Upon acquiring data, attendees will delve into advanced analysis techniques, mastering the interpretation of flight logs and user data using specialized software designed for UAV structures. Moreover, participants will gain insights into workflows facilitating seamless connection between drone applications and flight data retrieved from the aircraft.

Throughout the workshop, all software utilized will be readily available for application within DFIR labs at no additional cost, ensuring attendees can seamlessly integrate their newfound skills into their forensic practice without additional financial outlay.

Day 3 Overview

SQLIte Forensic Fundamentals

Dive deep into the realm of database forensics focusing on SQLite database analysis. SQLite stands as a ubiquitous relational database management system, cherished by developers for its standalone functionality, simplicity in setup, management, and minimal resource requirements. In today’s digital landscape, where most mobile applications and mainstream web browsers rely on SQLite databases for storing crucial user data, it’s imperative for forensic examiners to possess adept skills in navigating this widely-used format.

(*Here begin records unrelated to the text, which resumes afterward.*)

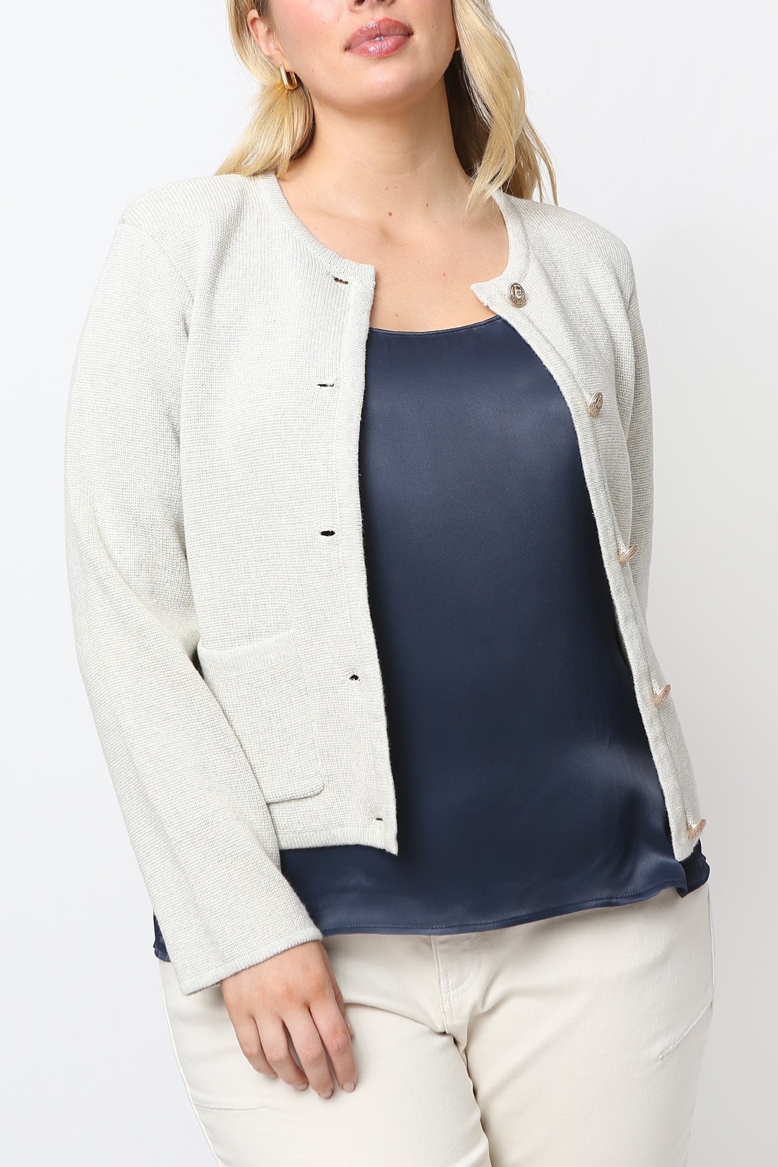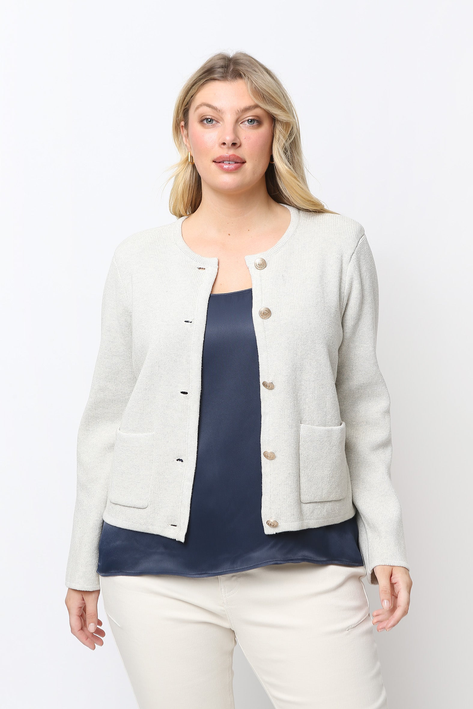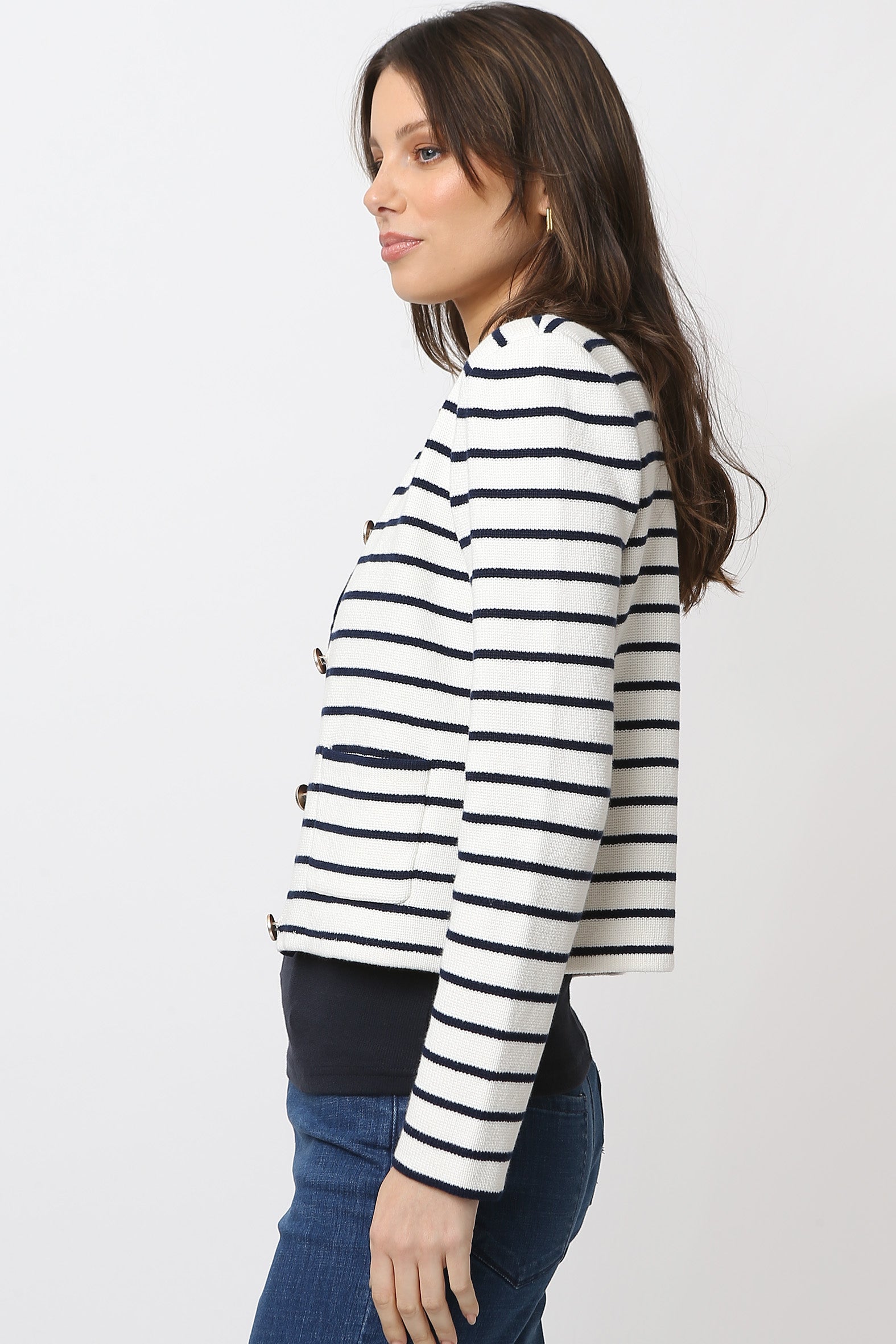 Chic, French inspired, jacket-style cardigan is crafted from breathable cotton rib knit offering a blend of luxury and comfort. Perfect for layering, the cropped silhouette adds a modern touch hitting just beneath the waist, at the high hip, for a flattering fit. The classic button though front fastening is enhanced with gold military style buttons adding elegance and versatility to the look. Bound edges at the front fastening and neckline add a refined finish. Available in a striking navy/ivory stripe with contrast navy binding and classic ivory with colour matching binding, the cardigan is a timeless blend of sophistication and comfort making it a stylish wardrobe must-have.
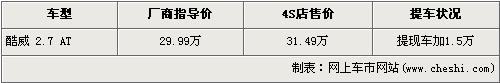 據(jù)4S店銷售人員介紹,在售的道奇酷威為2.7L自動檔車型,售價(jià)為29.9萬元。近期購買酷威的消費(fèi)者如要在經(jīng)銷店提現(xiàn)車,需在廠商指導(dǎo)價(jià)29.99萬元的基礎(chǔ)上加價(jià)1.5萬元才可提車,加價(jià)后的價(jià)格增長為31.49萬元。銷售人員還介紹,店內(nèi)只有一輛酷威銀色現(xiàn)車。
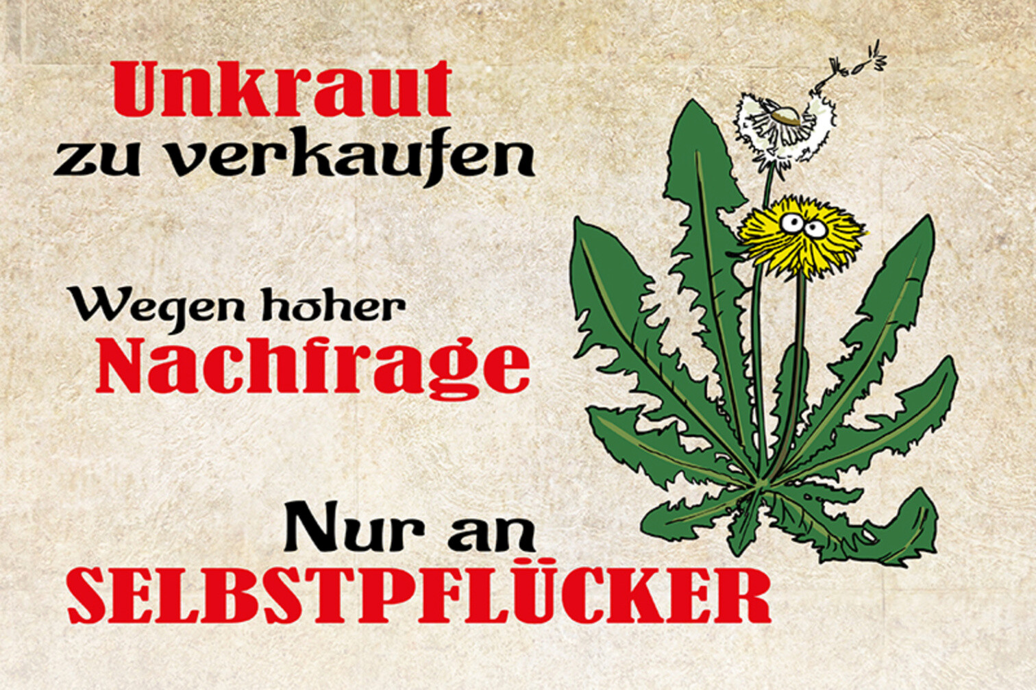 Schild Spruch Unkraut zu verkaufen Nur an Selbstpflücker JW
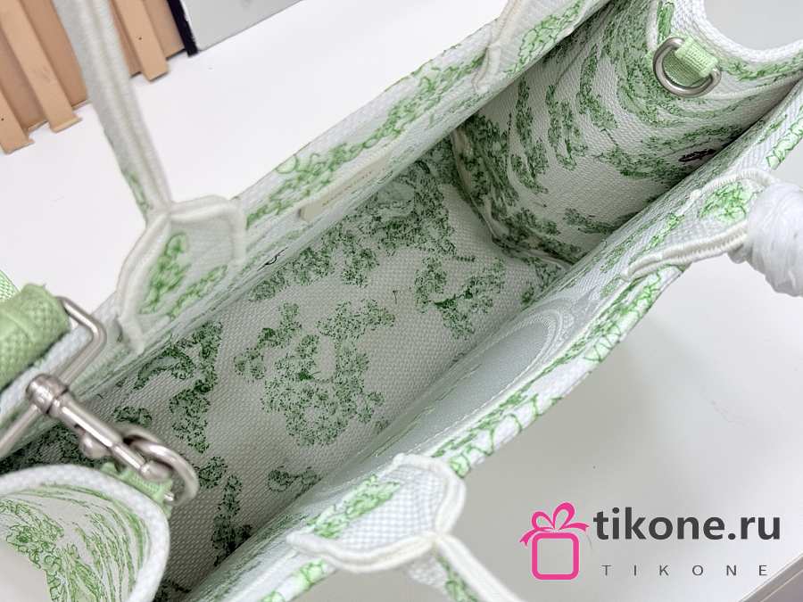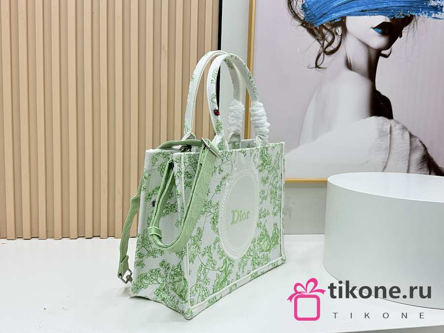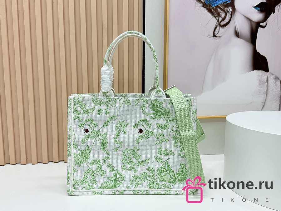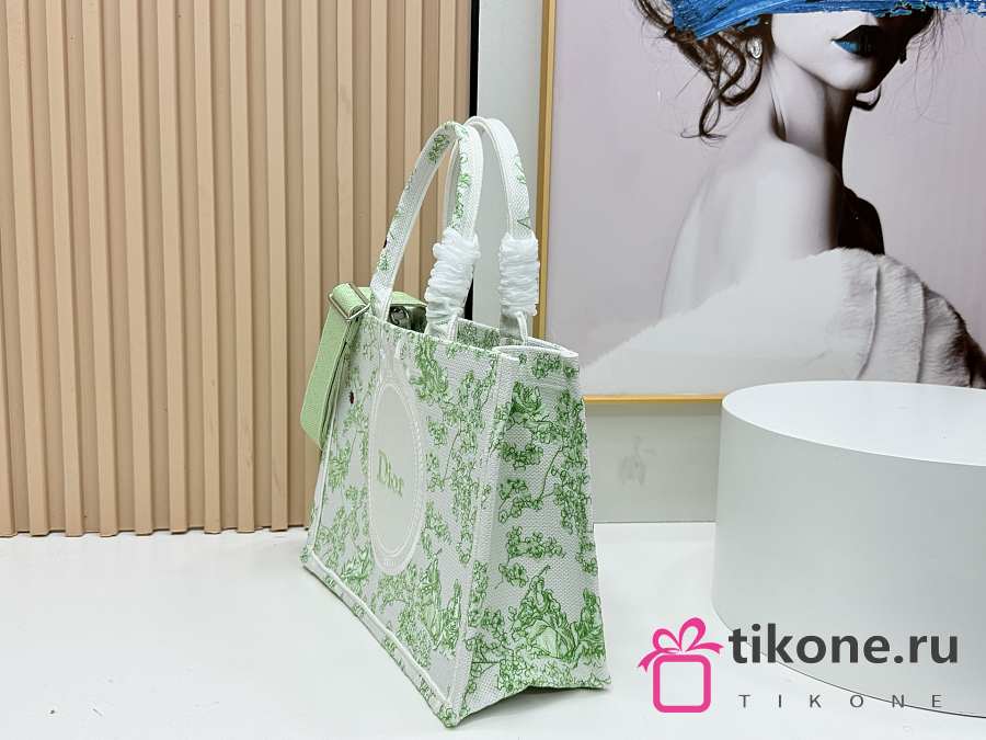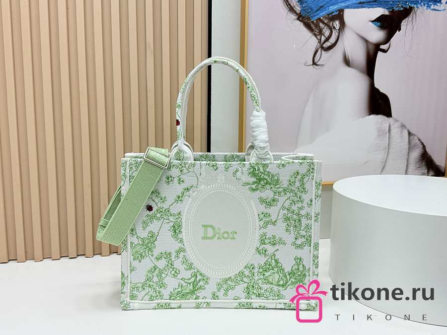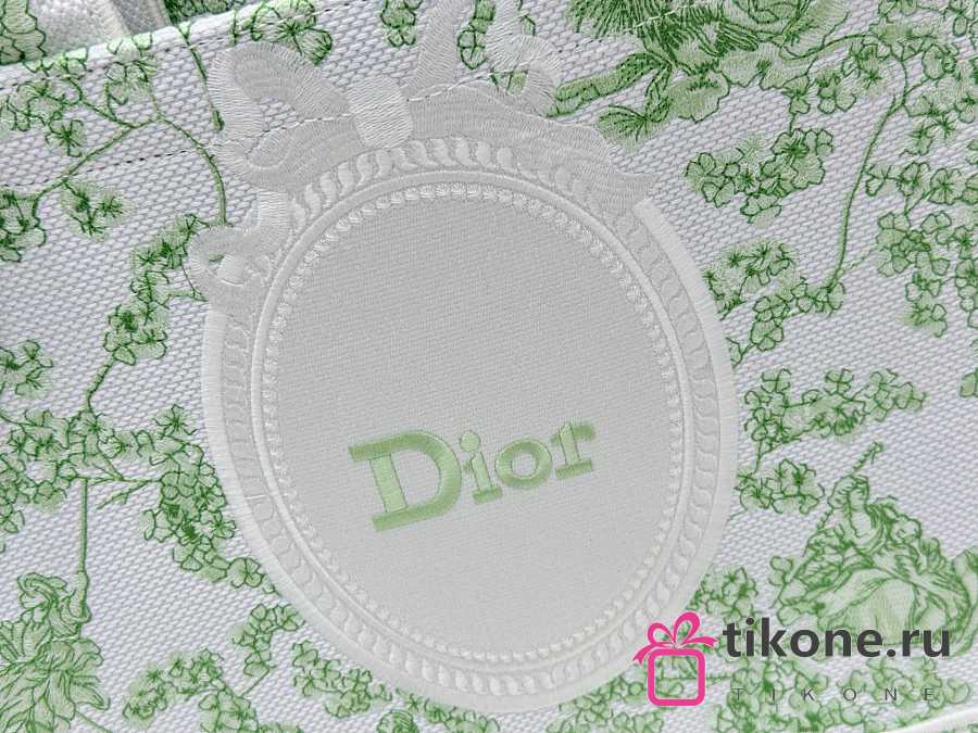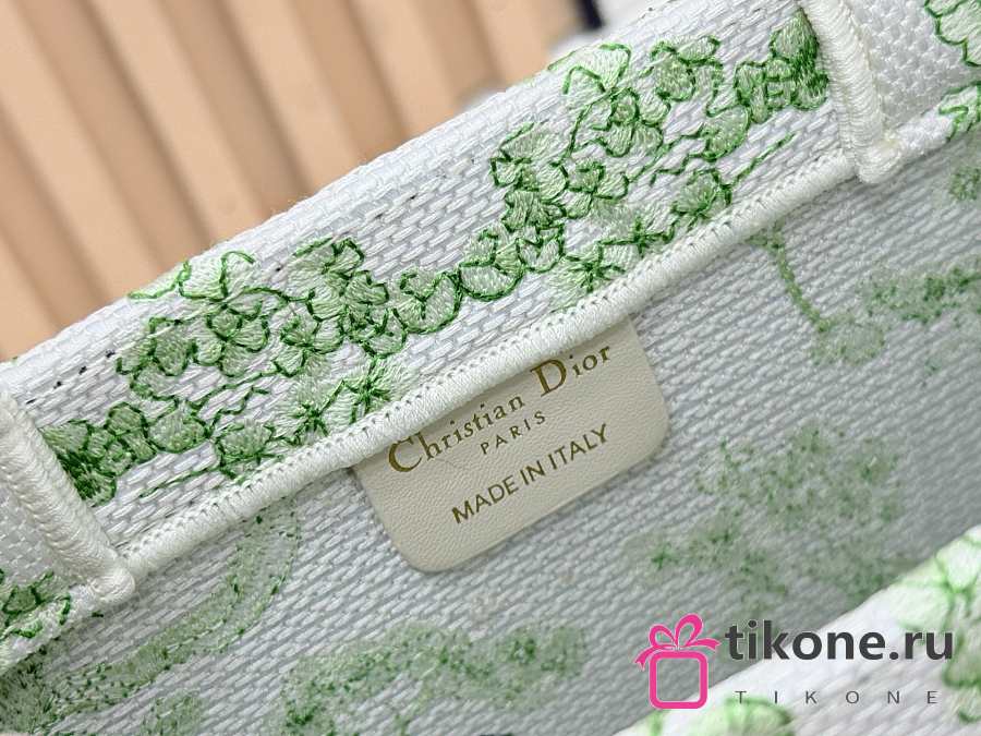 Medium Dior Book Tote with Strap Green Multicolor Toile de Jouy Clover Embroidery and White Dior Medaillon - 36x27.5x16.5cm
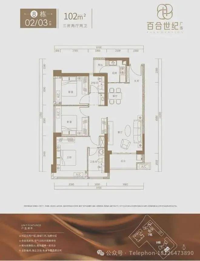 8栋102㎡的3房2厅2卫,设计的是竖厅格局,餐客厅一体化,客厅3.6米开间,3个卧室宽度分别为3.3/3/3米,阳台1.6米进深,L型厨房,有带1个小生活阳台,都是东南朝向。
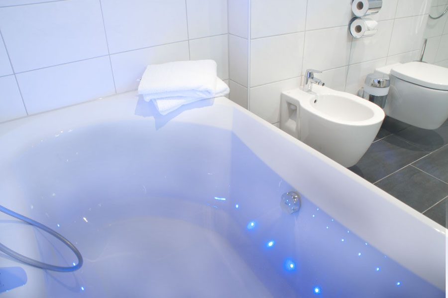 In allen Details der modern eingerichteten Zimmer spiegelt sich der Anspruch an Design und Komfort. Für höchsten Schlafgenuss sorgen das 2,0 m breite King Size Bett. Das großzügige Badezimmer verfügt über eine Badewanne.

This one-day workshop is meticulously crafted to equip participants with a comprehensive understanding of relational databases and the nuances of SQLite exploitation. Through hands-on exploration, attendees will delve into the intricacies of extracting and deciphering information housed within SQLite tables, especially when conventional forensic tools may fall short.

Throughout the day, participants will engage in practical exercises, utilizing various techniques to extract and interpret data stored within SQLite data files. By working with the results from commonly-used applications, attendees will solidify their understanding of SQLite fundamentals and lay a strong foundation in forensic techniques essential for effective SQLite analysis.

Students will use a variety of open source and leading forensic applications to examine key artifacts through multiple hands-on labs and student practicals.

What you will receive:

Printed course manual · Access to the Spyder Forensics Academy · Course certificate

Course cost: $1,995

About the Trainers

Damien

Damien brings almost 10 years of eDiscovery & digital forensics experience to Spyder Forensics. He has extensive experience working with fortune 500 companies advising both legal and IT departments on all aspects of eDiscovery. With his technical knowledge and problem-solving skills, Damien is a proven eDiscovery workflow specialist and has helped numerous organizations identify cost savings while optimizing their eDiscovery processes. Before joining Spyder Forensics, Damien was a Managing Consultant at AccessData where he managed eDiscovery and digital forensics projects and provided services to companies in various industries including the Health Care, Energy, and Financial industries. Prior to that, Damien was a Computer Crime Specialist at the National White Collar Crime Center where he conducted digital forensic research and performed software validation studies on digital forensic software.

Rob

Rob is the CEO and Founder of Spyder Forensics. He has over two decades of experience developing and presenting training on Digital Forensics, Cyber Security, Mobile Forensics, and eDiscovery education programs for the global digital investigations community. Having previously held the positions of Vice President of Training at Cellebrite, Senior Vice President of Global Training at Nuix, and Director of Training at AccessData. He has also held positions as a Computer Crime Specialist with the National White Collar Crime Centre and with the UK’s Kent Police as a Digital Forensic Analyst.   As a lifetime member of the International Association of Computer Investigative Specialists (IACIS), Rob instructs regularly at the association’s annual conferences and is a lead instructor for several advanced courses as well as regularly presenting at the premier international digital forensics conferences. Rob has contributed to digital forensic publications and is a subject matter expert in various courses for the ATA program managed by the State Department in the USA.